### What is needed
Please repeat only the lines below starting at the line that holds "Gold Lotus Terrazzo" and ending at the line that holds "Zdjęcie Morze, Skały, Zachód Słońca", exactly, with both of those lines included and every picture omitted.

### Data provided
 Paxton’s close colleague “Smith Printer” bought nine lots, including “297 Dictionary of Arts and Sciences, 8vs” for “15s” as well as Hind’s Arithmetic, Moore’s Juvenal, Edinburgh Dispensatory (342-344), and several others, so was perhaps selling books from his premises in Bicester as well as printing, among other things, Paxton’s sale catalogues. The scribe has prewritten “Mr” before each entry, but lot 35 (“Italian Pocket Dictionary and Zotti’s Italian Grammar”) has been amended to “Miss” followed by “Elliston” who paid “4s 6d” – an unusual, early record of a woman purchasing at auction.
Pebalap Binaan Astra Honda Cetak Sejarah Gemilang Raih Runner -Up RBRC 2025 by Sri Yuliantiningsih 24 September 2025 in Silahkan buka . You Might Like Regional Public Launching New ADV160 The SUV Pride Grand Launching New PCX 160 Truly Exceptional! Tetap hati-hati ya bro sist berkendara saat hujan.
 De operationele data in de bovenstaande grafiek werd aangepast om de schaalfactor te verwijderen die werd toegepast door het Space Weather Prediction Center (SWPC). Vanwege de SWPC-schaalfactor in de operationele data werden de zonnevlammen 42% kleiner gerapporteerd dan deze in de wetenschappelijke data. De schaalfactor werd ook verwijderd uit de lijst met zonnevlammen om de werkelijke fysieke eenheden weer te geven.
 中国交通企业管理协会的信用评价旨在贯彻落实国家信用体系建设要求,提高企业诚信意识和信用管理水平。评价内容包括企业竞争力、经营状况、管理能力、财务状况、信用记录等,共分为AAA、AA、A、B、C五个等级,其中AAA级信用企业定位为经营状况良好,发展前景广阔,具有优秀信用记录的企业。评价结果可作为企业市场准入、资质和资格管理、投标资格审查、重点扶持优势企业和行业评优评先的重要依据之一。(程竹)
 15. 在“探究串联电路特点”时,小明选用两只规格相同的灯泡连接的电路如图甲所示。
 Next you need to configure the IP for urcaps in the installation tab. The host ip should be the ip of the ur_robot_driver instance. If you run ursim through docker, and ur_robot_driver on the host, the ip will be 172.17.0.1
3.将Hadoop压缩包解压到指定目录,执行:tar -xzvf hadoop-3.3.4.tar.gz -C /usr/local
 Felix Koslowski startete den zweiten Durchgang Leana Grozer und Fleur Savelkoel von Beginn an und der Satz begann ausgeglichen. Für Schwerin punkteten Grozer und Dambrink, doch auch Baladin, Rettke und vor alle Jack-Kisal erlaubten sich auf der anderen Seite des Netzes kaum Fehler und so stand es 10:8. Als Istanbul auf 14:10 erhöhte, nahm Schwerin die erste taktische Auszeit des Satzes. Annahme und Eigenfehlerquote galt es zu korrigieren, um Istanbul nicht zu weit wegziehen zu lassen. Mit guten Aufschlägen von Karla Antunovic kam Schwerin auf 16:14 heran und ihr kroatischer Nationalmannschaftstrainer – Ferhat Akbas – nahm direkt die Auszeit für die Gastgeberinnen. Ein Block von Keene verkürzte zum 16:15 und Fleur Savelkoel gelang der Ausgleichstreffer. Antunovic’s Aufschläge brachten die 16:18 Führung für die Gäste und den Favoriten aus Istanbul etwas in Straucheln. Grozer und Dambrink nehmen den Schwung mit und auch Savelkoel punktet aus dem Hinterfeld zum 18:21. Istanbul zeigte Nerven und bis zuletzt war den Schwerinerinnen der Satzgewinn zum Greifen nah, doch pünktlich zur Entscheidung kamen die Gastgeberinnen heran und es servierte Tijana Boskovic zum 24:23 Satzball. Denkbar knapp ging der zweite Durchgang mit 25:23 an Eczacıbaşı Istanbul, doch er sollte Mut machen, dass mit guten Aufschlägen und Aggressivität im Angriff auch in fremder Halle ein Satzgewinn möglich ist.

==

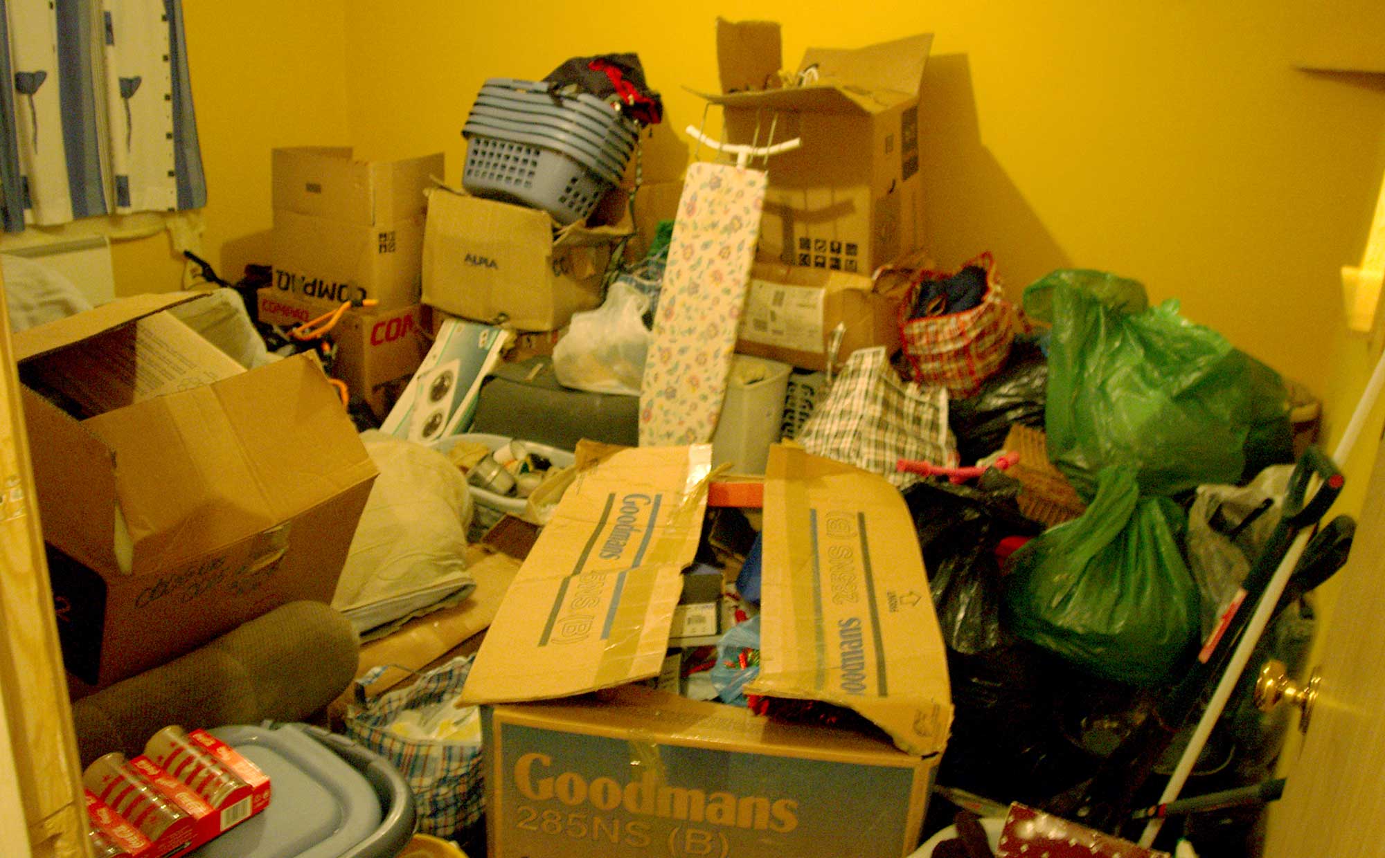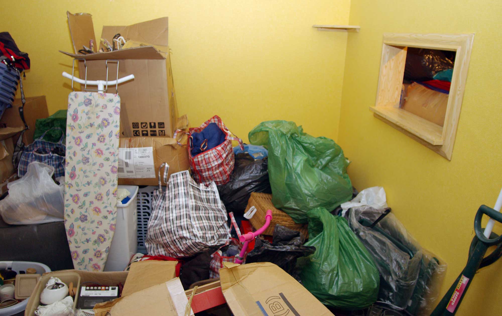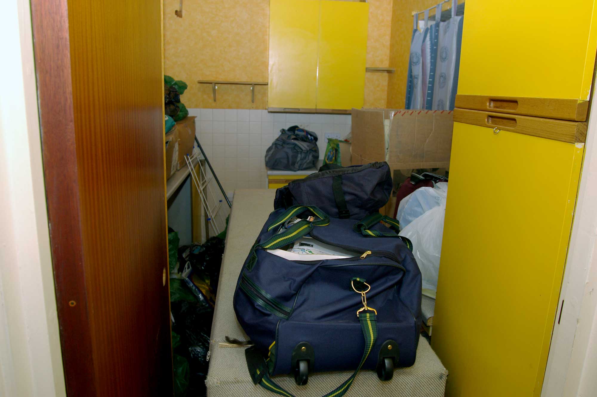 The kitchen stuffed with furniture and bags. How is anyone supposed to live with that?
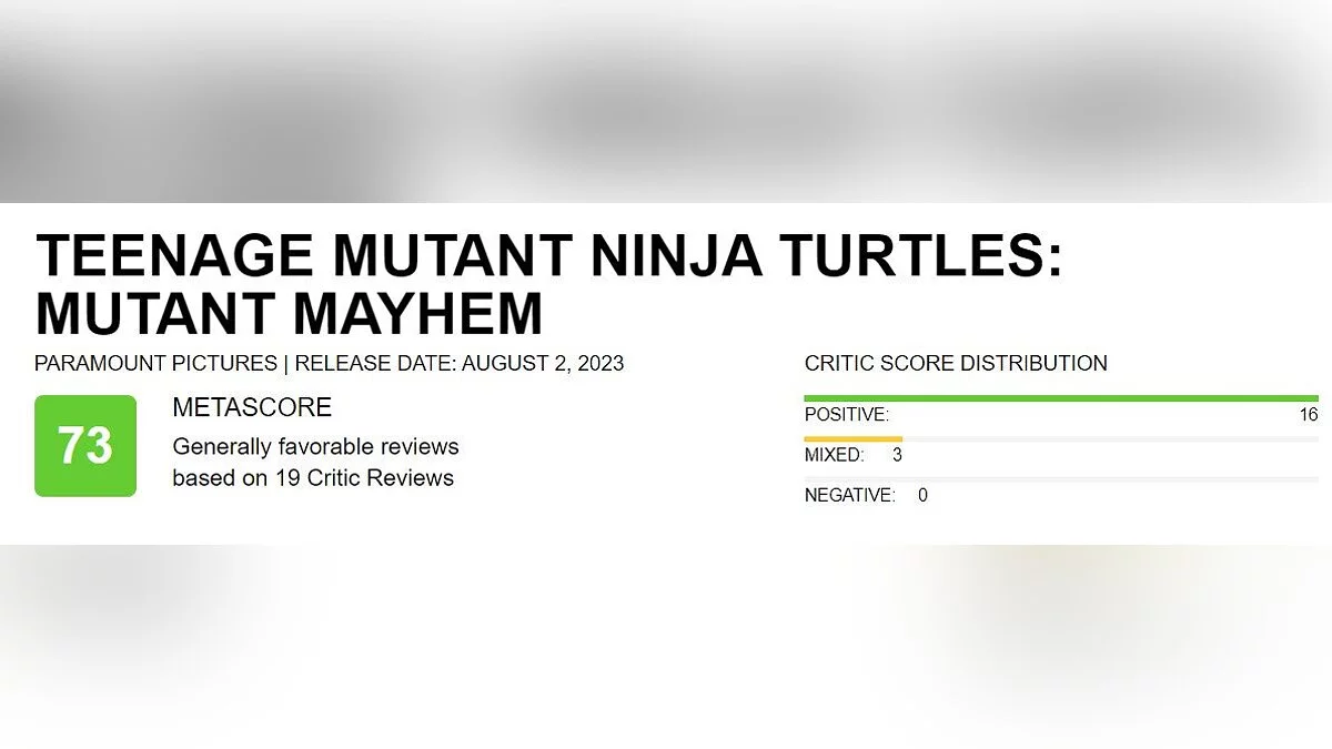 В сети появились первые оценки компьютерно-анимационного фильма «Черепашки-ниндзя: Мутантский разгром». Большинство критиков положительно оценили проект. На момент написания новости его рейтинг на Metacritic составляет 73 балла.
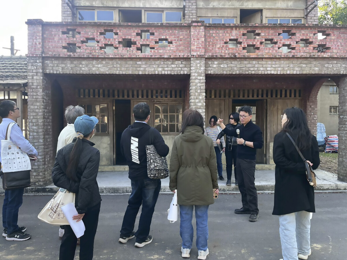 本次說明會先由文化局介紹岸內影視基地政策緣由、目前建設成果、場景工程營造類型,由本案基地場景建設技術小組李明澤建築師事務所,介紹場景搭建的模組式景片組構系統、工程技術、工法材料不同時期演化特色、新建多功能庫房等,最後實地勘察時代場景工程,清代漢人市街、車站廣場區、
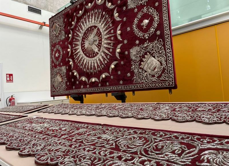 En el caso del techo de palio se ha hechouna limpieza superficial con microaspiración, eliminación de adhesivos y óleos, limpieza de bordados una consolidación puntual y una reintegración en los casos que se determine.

...

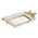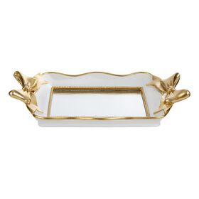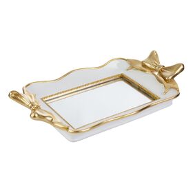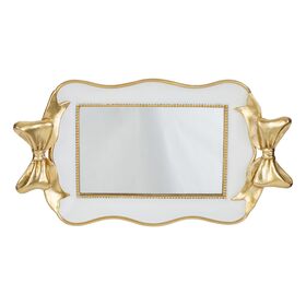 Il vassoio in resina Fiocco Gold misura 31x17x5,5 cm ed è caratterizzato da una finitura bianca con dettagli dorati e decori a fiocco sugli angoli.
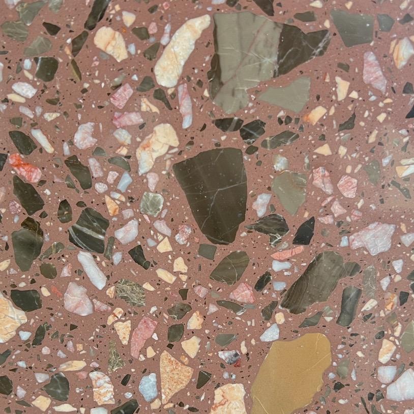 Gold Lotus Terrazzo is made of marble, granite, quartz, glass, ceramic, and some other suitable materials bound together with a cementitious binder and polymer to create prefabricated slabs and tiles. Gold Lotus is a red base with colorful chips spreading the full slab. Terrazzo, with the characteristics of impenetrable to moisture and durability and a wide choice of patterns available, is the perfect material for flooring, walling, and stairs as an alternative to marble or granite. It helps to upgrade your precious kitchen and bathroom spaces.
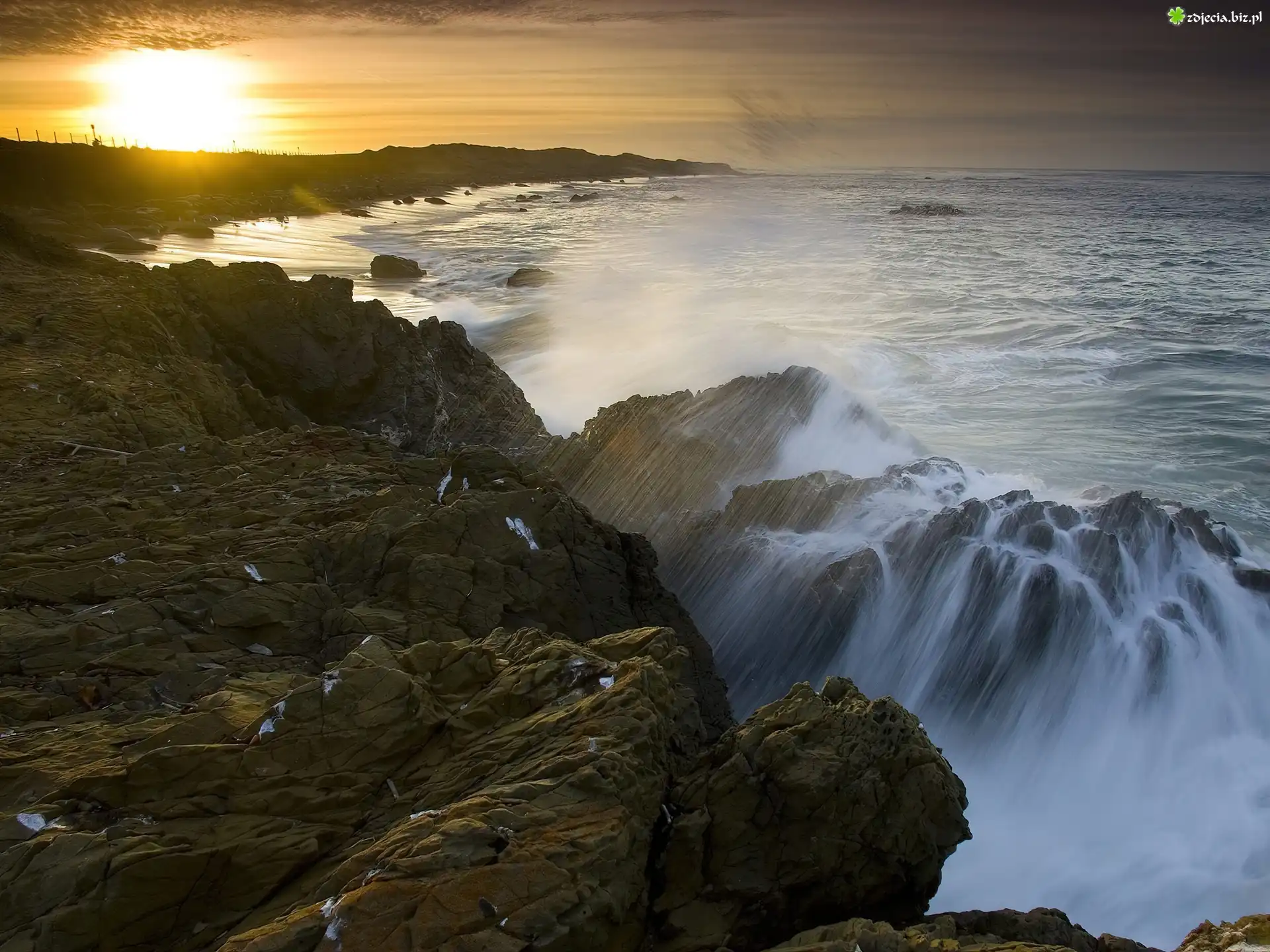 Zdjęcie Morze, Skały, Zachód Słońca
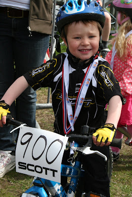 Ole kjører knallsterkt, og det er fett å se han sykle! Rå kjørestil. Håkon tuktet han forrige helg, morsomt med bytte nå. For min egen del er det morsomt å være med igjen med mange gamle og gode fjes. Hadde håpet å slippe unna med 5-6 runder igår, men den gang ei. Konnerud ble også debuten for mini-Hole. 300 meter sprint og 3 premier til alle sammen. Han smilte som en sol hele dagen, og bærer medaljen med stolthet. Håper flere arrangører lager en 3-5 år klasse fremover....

### Your response
 Gold Lotus Terrazzo is made of marble, granite, quartz, glass, ceramic, and some other suitable materials bound together with a cementitious binder and polymer to create prefabricated slabs and tiles. Gold Lotus is a red base with colorful chips spreading the full slab. Terrazzo, with the characteristics of impenetrable to moisture and durability and a wide choice of patterns available, is the perfect material for flooring, walling, and stairs as an alternative to marble or granite. It helps to upgrade your precious kitchen and bathroom spaces.
 Zdjęcie Morze, Skały, Zachód Słońca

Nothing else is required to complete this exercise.